Huey Sleeps Through World's First Tow-In Contest
King Island, Australia,October 24/MediaNet International-AsiaNet/ -- Despite a relentless program of self-sacrifice designed to awaken the surfing god Huey, the Red Bull Reef Seekers tow-in surfing contest finished its waiting period today without a heat surfed.
"There was no shortage of waves in the ten-foot range, but we pledged we wouldn't run this event unless the surf was a consistent fifteen-foot plus," event manager Chris Mater said.
Six two-man teams from Australia, Brazil, Tahiti, Hawaii and the USA plus a World Team had spent three weeks waiting for the surf to top five metres. The waves scratched that size on a few days but, generally, hung around the three-metre mark.
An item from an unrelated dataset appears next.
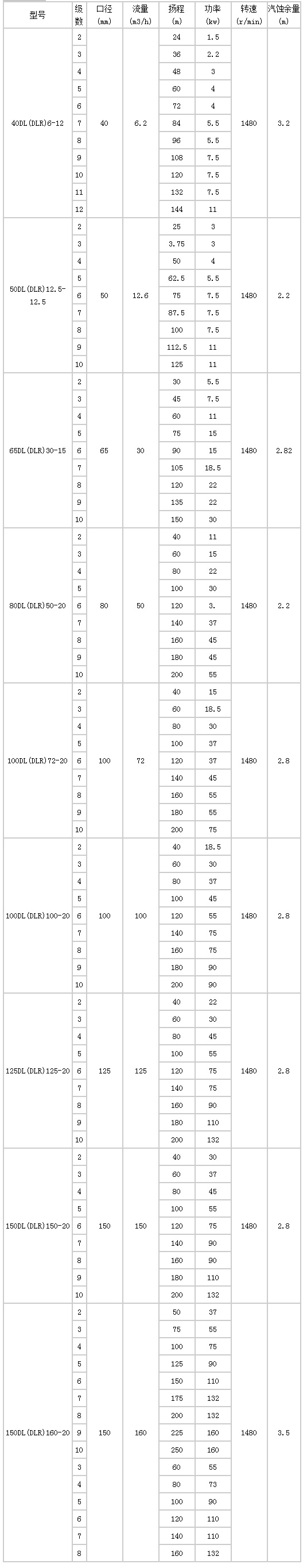 技術參數(shù): DL(DLR)型立式離(li)心多級泵(beng)

The Red Bull Reef Seekers is the world's first tow-in contest, a celebration of a unique sport where surfers use high-powered aquatic motorbikes (WaveRunners, Jetskis) to get towed onto waves too big to be ridden by paddle-in surfers.
And what did the surfers think of hanging around for three weeks waiting for an event that never happened? "It was the best contest of my life," was the startling claim from Brazilian big-wave champion Carlos Burle. "A new WaveRunner to use, a mechanic on call, free petrol, the best-wave surfers in the world all around, beautiful food, waves every day and all on an island with incredible big-wave potential ... how could I not be happy?"